Exercise aim: What you should give back is a precise copy of the lines below from the one containing "Wentylator ProfiCare PC-TVL" through the one containing "Греющий кабель саморегулирующийся", with no pictures.
--- Supplied material Enclosed Below ---
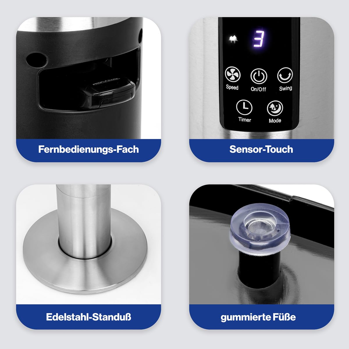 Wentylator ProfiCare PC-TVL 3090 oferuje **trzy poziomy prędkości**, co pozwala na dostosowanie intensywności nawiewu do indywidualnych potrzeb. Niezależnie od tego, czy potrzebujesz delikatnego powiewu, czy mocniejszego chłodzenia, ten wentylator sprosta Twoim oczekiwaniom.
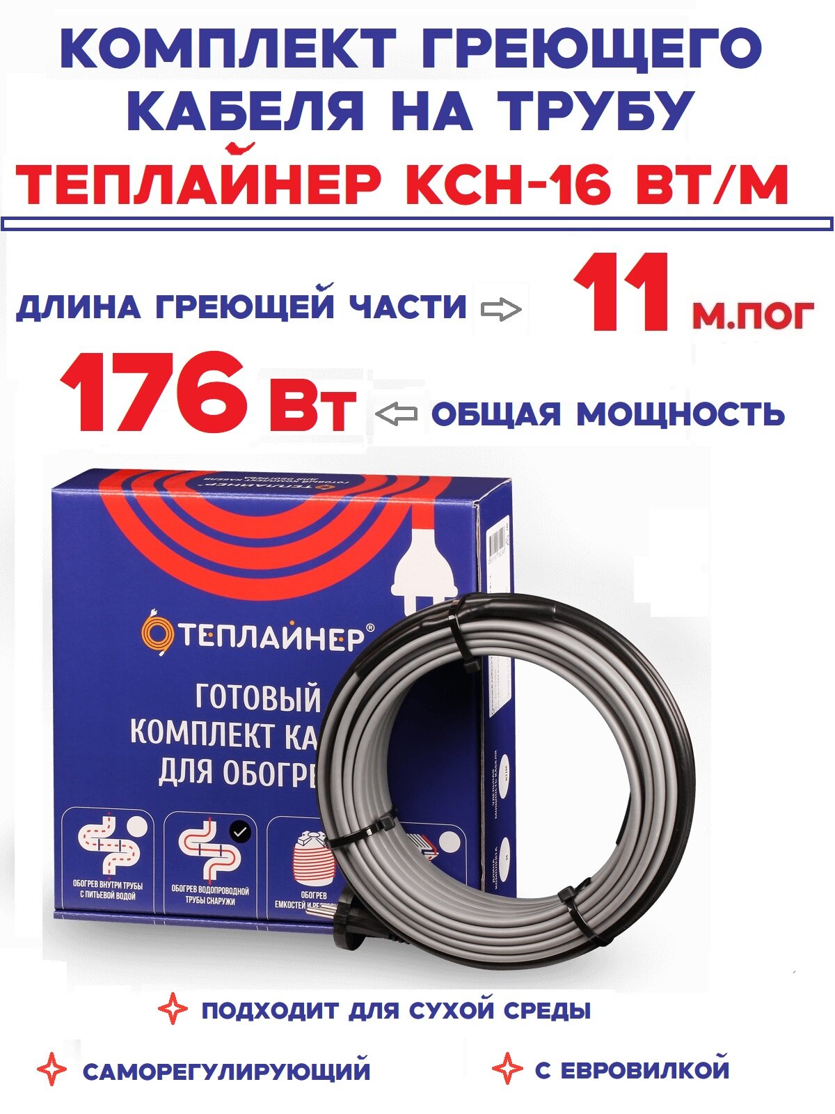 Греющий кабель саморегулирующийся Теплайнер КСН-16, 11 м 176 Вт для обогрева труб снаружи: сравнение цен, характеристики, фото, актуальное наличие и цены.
--- End of Enclosed Supplied material ---
--- Supplied material Enclosed Below ---
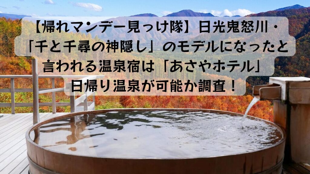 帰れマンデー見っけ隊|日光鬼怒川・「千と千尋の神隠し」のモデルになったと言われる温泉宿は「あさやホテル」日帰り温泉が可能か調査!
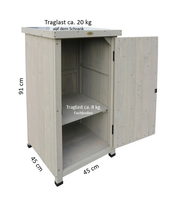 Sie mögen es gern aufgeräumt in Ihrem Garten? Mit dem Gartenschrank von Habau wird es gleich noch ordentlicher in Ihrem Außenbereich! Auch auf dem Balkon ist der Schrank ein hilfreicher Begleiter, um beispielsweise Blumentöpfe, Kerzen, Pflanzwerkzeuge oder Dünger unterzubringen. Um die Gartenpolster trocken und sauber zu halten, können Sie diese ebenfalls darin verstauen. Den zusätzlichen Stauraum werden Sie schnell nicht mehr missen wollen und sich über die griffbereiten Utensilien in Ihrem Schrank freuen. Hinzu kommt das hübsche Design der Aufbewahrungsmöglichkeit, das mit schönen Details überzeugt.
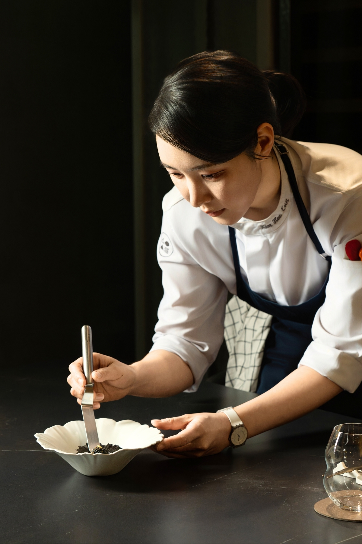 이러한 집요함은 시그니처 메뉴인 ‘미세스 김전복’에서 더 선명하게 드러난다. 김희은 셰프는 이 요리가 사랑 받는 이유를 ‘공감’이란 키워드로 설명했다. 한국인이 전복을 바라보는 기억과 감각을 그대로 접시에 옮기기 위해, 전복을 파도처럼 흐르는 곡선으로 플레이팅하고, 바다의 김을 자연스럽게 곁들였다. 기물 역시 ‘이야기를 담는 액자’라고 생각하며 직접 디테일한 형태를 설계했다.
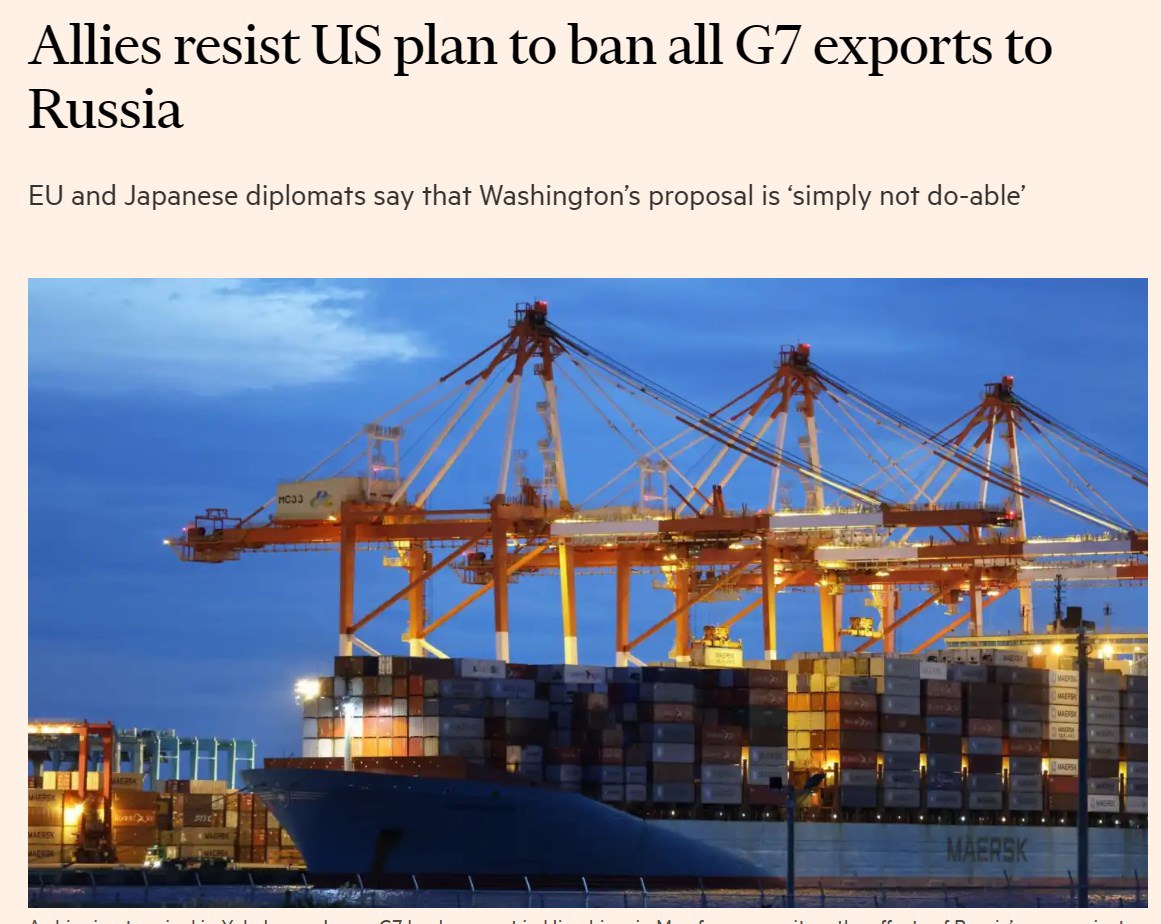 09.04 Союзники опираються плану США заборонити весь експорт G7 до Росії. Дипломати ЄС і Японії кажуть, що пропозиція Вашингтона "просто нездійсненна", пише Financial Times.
--- End of Enclosed Supplied material ---
Solution to this task:
 Wentylator ProfiCare PC-TVL 3090 oferuje **trzy poziomy prędkości**, co pozwala na dostosowanie intensywności nawiewu do indywidualnych potrzeb. Niezależnie od tego, czy potrzebujesz delikatnego powiewu, czy mocniejszego chłodzenia, ten wentylator sprosta Twoim oczekiwaniom.
 Греющий кабель саморегулирующийся Теплайнер КСН-16, 11 м 176 Вт для обогрева труб снаружи: сравнение цен, характеристики, фото, актуальное наличие и цены.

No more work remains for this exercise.